E se os conhecimentos são adquiridos para serem usados, eu, como um idiota, os reneguei.
Os anjos alegraram-se por eu saber, mas Deus, desiludido, chorou por eu não compreender.
Amei pessoas, que sabia jamais iriam me amar.
Expectei acontecimentos que jamais iriam acontecer.
E não pensem que saber demais sempre é bom, muitas vezes o saber nos traz a compreensão do que vamos perder.
E, nestes turbulentos anos, as mudanças psicológicas aconteciam rapidamente, sem eu ter tempo de assimilá-las.
Tempos loucos de uma realidade encantadora, assustadora, desesperadora.

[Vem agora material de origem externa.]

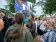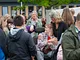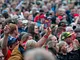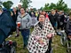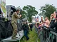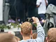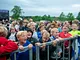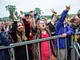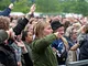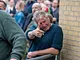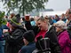 Vagtskiftet ved Marselisborg Slot skærtorsdag kl. 12 tiltrak mange fremmødte, mens politiets indsatsleder undervejs tog sig tid til at besvare spørgsmål fra en nysgerrig dreng.
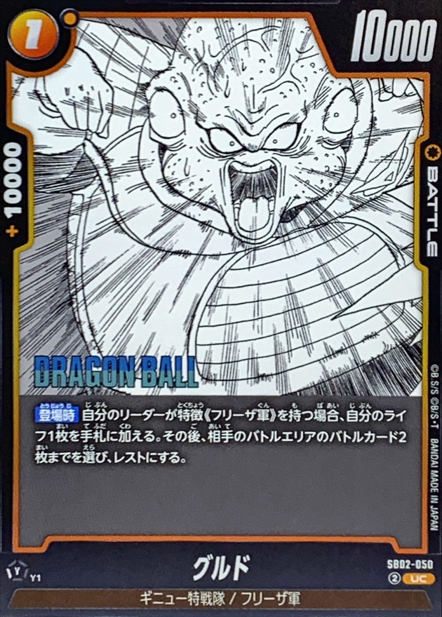 効果 【登場時】自分のリーダーが特徴《フリーザ軍》を持つ場合、自分のライフ1枚を手札に加える。その後、相手のバトルエリアのバトルカード2枚までを選び、レストにする。 | |
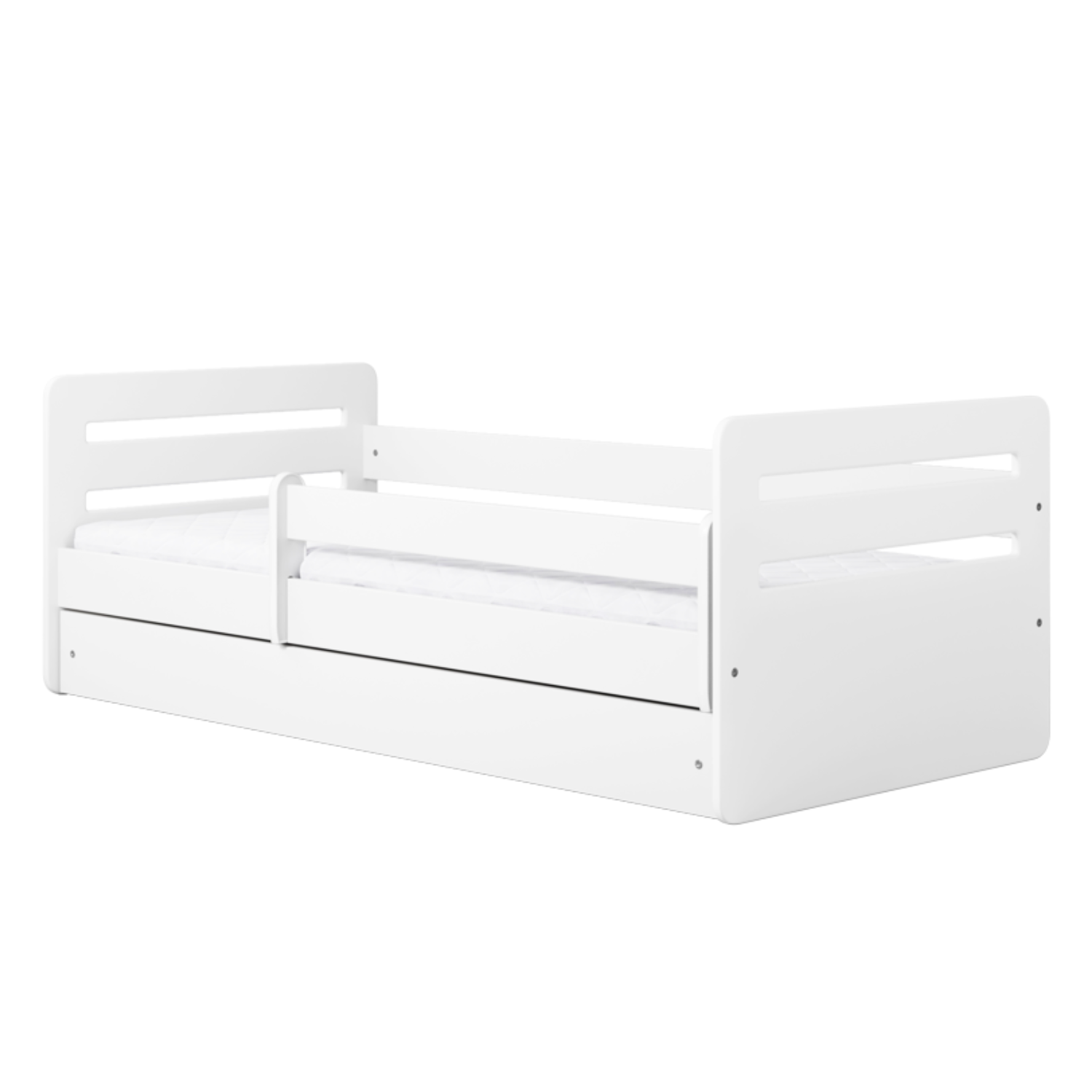 Pour un passage en douceur vers un grand lit et éviter les chutes nocturnes, le lit Tomi dispose d’une barrière amovible qui se retire facilement lorsque votre enfant aura grandi. Pour un confort optimal, le cadre du lit est composé de lattes en bouleau de 5,5 cm.
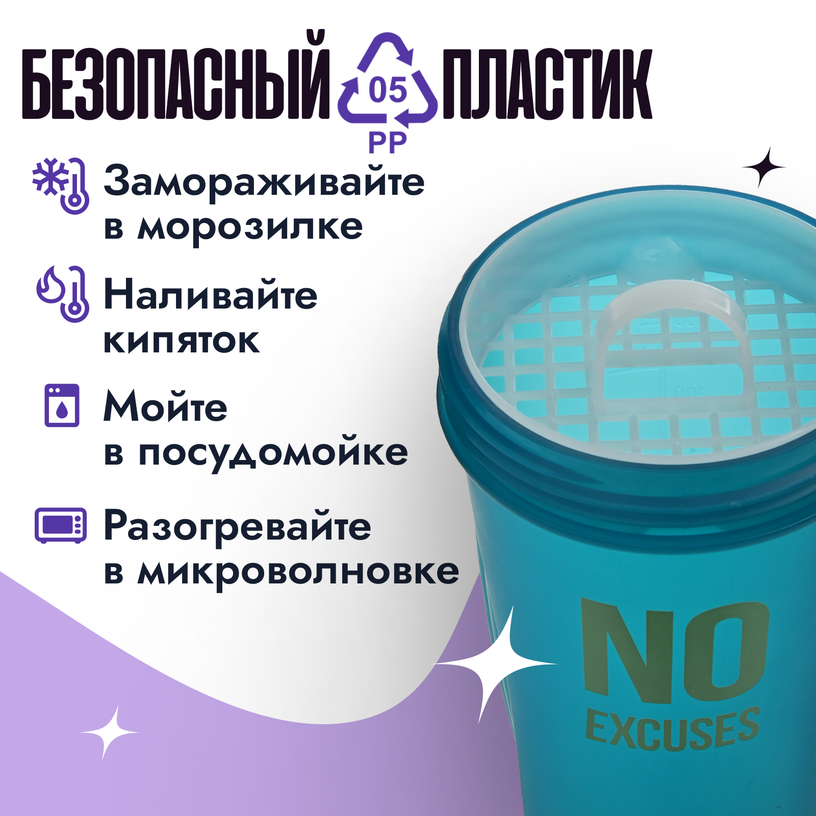 | Плюсы: | Отличный шейкер, пластиком не воняет |
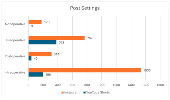 Figure 3 illustrates the distribution of social media posts based on their setting or timing, highlighting the differences between platforms, with Instagram favoring non-operative content and YouTube Shorts focusing more on post-operative content.
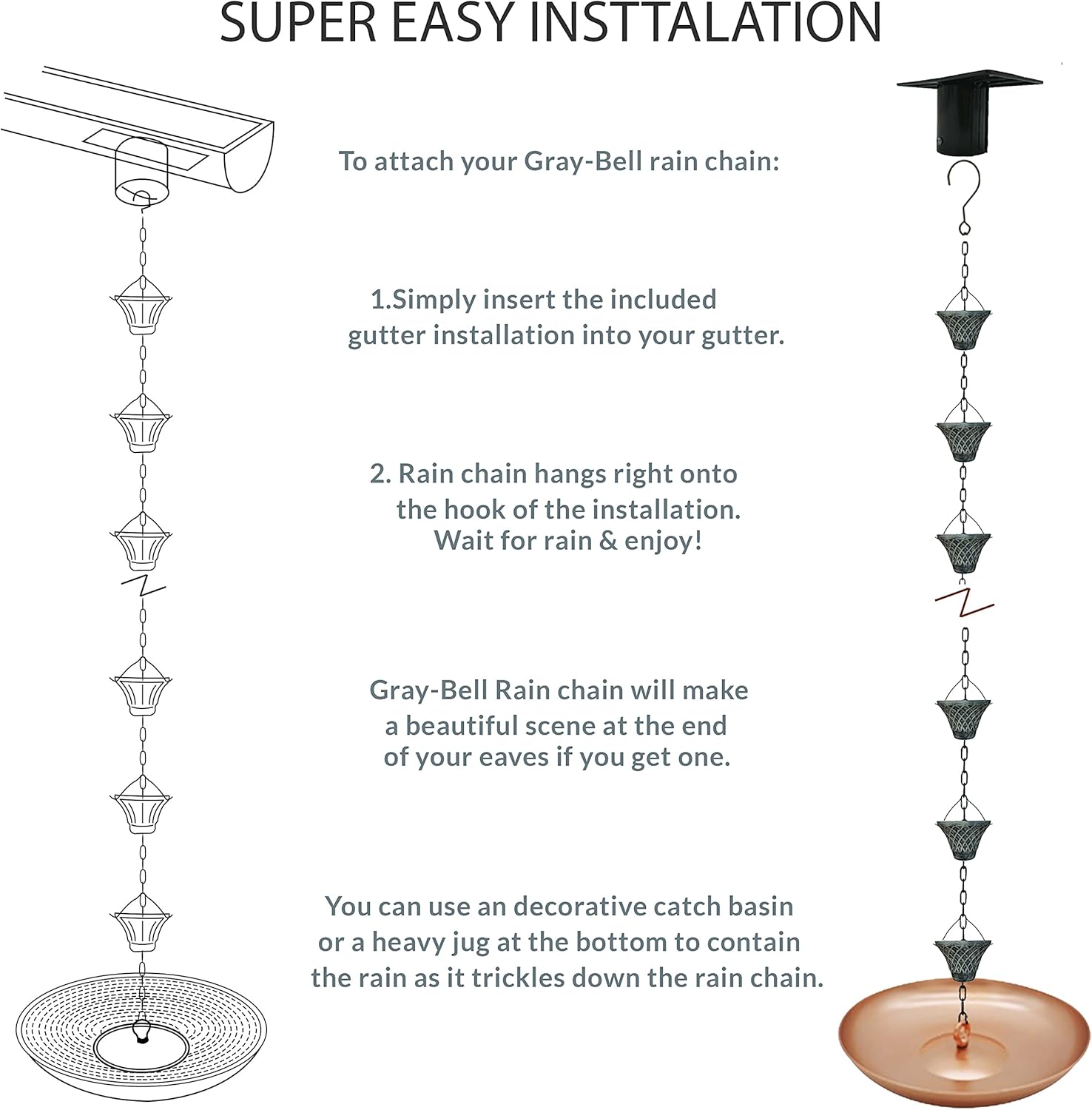 • EASY INSTALLATION: Remove your downspout and attach the included gutter adapter to the opening. The 8.5FT chain is adjustable to fit any length.

                                              Parte V
                                   
Pame aproximou-se no tempo em que Samara, Tana e Dimitryus passavam os dias no bar do Lucius.
Lucius, quando os tirou de meu convívio, com certeza não imaginou o amor que eu sentia por eles, senão, acredito, jamais o teria feito.
Pame era uma jovem muito bonita, de temperamento forte.
Estatura média, de uma plácida e sedutora tez branca, cabelos e olhos castanhos escuros e compleição média.
Pame morava com sua mãe e sua irmã menor, num dos prédios de um grande condomínio, quase em frente ao bar de Lucius.
Às vezes vinha até a nossa loja locar alguns filmes ou comprar guloseimas.
Conhecia-a desde criança, mas foi apenas com seus 19 anos de idade que começou nossa amizade.
Certa tarde Jorge e eu estávamos em frente as lojas conversando, quando ela, sei lá o porquê, talvez por não ter o que fazer de sua vida, parou em frente ao bar de Lucius para conversar com o pessoal.
Estranhei seu comportamento, pois enquanto conversava com eles, às vezes, de longe, com os braços cruzados, olhava-me intrigada.
Jorge, assim que percebeu que ela me olhava, enfezou-se.
E como sempre fazia com as pessoas de quem não gostava, agredindo, disparou setas envenenadas contra ela também.
Jorge com certeza não gostava de Pame.
E eu, sem entender seus motivos, apesar de contrariado com suas iras, calei-me.
Afinal de contas Pame era mais uma destas jovens que vimos crescer pelo bairro.
E ele, com a idade que tinha, deveria, isto sim, é envergonhar-se de suas críticas mordazes.
Ele estava sendo muito injusto e cruel.
Num outro dia à tardinha estávamos em frente à loja, quando Pame veio em minha direção.
Parecendo ler meus pensamentos chegou para deixar sua indignação.
Parou com os braços na cintura, e desabafou:
— Oi! Te deixaram aqui, sozinho?... Estes são os teus amigos?... Que estranho!... Eles que estavam sempre aqui contigo, agora se mudaram para o bar do Lucius! Não entendi?!
— Nem eu! — e dei de ombros desiludido.
E surpreso com seu juízo de valor resolvi me calar, parar por aí.
Pame devia ter visto minha tristeza.
Porém, com o tempo, conhecendo-a melhor, soube que Pame era assim.
Falava o que pensava e o que sentia.
E por ter esta franqueza incomum e genial que, depois deste dia, ganhou minha simpatia e me cativou.
Muitas vezes, em nosso convívio, sabendo dos meus problemas e vendo meus sofrimentos, ela chamava-me a atenção com seus conselhos e críticas acres, que traziam-me à tona um pouco de realidade.
Às vezes dava-me um "show" de moral.
E ela sempre esteve com a razão.
Devo muito à Pame por isto.
E se todas as pessoas fossem tão francas assim, o mundo seria melhor, mais interativo e prazeroso.
Pame sempre tentou tirar-me do fundo do poço, buscar-me do mundo ilusório em que eu vivia e que enfraquecia-me o corpo, a alma e o coração.
Ela aproximou-se um pouco depois do quinto festival de rock da prefeitura, e como não trabalhava, vinha passar as tardes comigo.
Aprendeu a jogar tarô, e passávamos as tardes inteiras jogando e conversando; ora ela, com seus problemas, ora eu, com os meus.
Foram tempos em que a sensatez e a jovial maturidade de Pame me trouxeram alguma felicidade e um pouco de paz, apaziguando alguns centésimos minhas loucuras.
Infelizmente, tenho que dizer isto Pame.
Não foi culpa sua.
E você, com certeza, foi mais uma estrelinha que entrou em meu mundo, uma luz sem igual que brilhou em minhas noites de escuridão.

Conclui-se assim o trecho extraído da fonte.